WASHINGTON — House Republicans are likely to try again on Wednesday to
pass three piecemeal spending bills that would reopen parts of the
government, as each party tries to force the other to crack under
mounting public pressure to end the two-day-old shutdown.
The Republicans suffered embarrassing losses on Tuesday night when the
three bills — to finance veterans’ programs, national parks and museums,
and federally financed services in Washington — failed to get the
two-thirds majorities required to pass under fast-track procedures.
Aides to the Republican leadership said the bills would be introduced on
Wednesday under ordinary rules that require only simple majorities, and
they should easily pass.

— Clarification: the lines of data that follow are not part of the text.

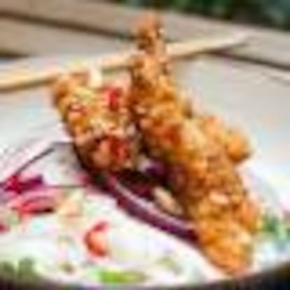 SOPA FRÍA DE COCO, LIMA Y POLLO CRUJIENTE
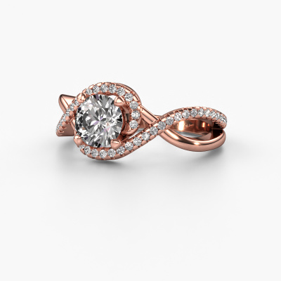 Bovenstaande verlovingsring heeft de naam Melody. Dit type verlovingsring noemen we een pavé solitaire verlovingsring omdat hij een enkele middensteen heeft waarbij de banden van de verlovingsring ook volgezet zijn. Deze verlovingsring is uitgevoerd in 14 Carat rosé goud en heeft als middensteen een ronde diamant ter grootte van 1.00 crt, en in de zijbanden zijn diamanten gezet. Ieder juweel is uniek, doordat je deze ring geheel naar eigen wensen kunt samenstellen.. Deze klassieke rosé gouden pavé solitaire verlovingsring heeft een schitterende ronde diamant als center steen, waarbij in de band nog meer diamanten zijn gezet om de middensteen nog meer te accentueren. Doordat de zetting van de pootjes om de diamant open is, vangt de diamant het licht van alle kanten op en schittert hierdoor optimaal. Hierboven kun je zien hoe onze goudsmid de verlovingsring heel precies tot in de kleinste details heeft bewerkt, zodat de wat hoger gelegen diamant een echte eyecatcher is. Wat een prachtige verlovingsring om te geven bij je aanzoek aan de liefde van jouw leven, aan jouw stralende middelpunt!Omdat wij zelf alle verlovingsring maken en direct aan jou leveren kunnen wij je een verlovingsring leveren tegen een prijs die je nergens anders zult tegenkomen. Een ring wordt pas gemaakt als we een bestelling krijgen, hierdoor hebben wij geen dure voorraden en kunnen wij je de beste prijs garanderen. Wij begrijpen dat het kopen van een verlovingsring online spannend is en willen daarom je zoveel mogelijk informeren over alle specifieke eigenschappen van de ring die jij koopt.Heb je zelf een speciale ring in gedachten, die je wellicht ergens gezien hebt? Je kunt je ideeën altijd met ons bespreken, wij zetten graag jouw ontwerp om tot een unieke verlovingsring. Het ontwerp kun je volgen, omdat wij met 3D tekeningen werken. Hierdoor krijg je al een realistische indruk van hoe jouw ontwerp er in het echt uit komt te zien. Wij sturen je graag een vrijblijvende offerte, waarbij je ongetwijfeld verwonderd zult zijn over de prijs in combinatie met de uitstekende kwaliteit die we aanbieden.Om het voor jou makkelijker te maken kun je ieder besteld sieraad binnen 30 dagen na aflevering eenvoudig weer retour sturen.
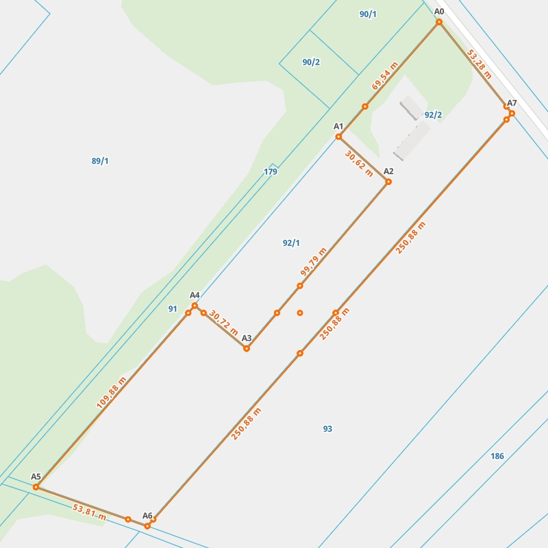 | A0 ← 52.03214185, 18.98736043 | A1 | 69,54 m |
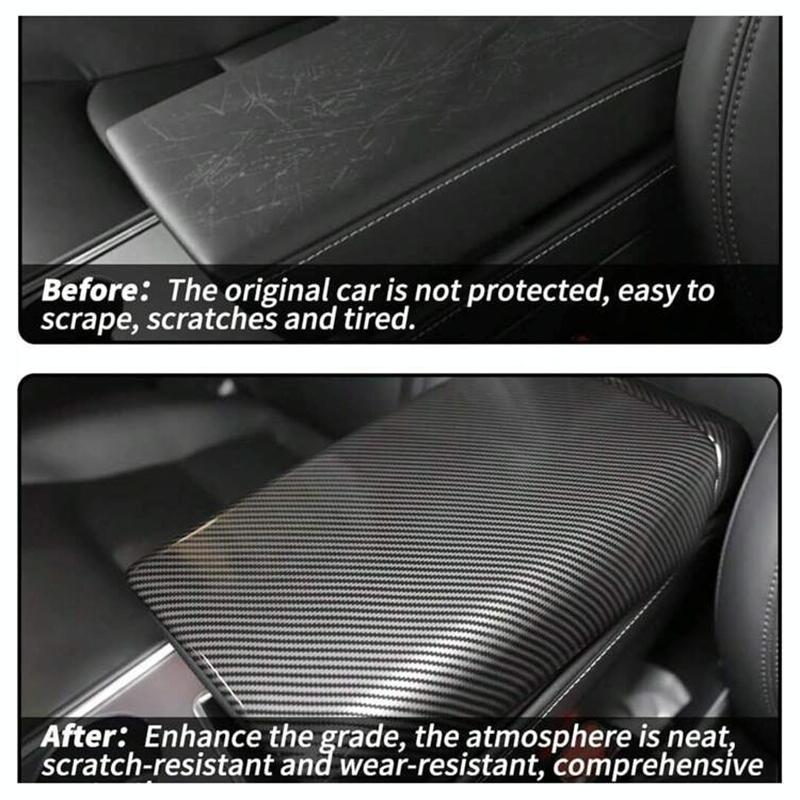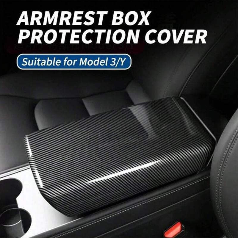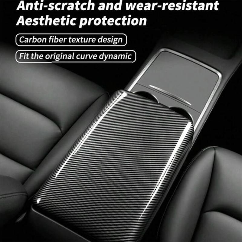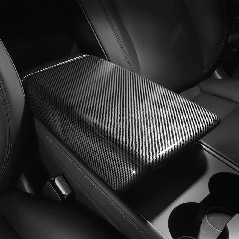For Tesla Model 3 / Y Car Center Console Armrest Box Carbon Fiber Pattern Protective Cover

But Democrats are likely to be granted
procedural votes of their own, which would be an opportunity to test how
many Republicans would defy their leadership and vote to reopen the
entire government without crippling President Obama’s health care law —
the standoff that shut down the government at 12:01 a.m. on Tuesday.
As public anger grows, more Republicans are coming forward to call for such a rebellion.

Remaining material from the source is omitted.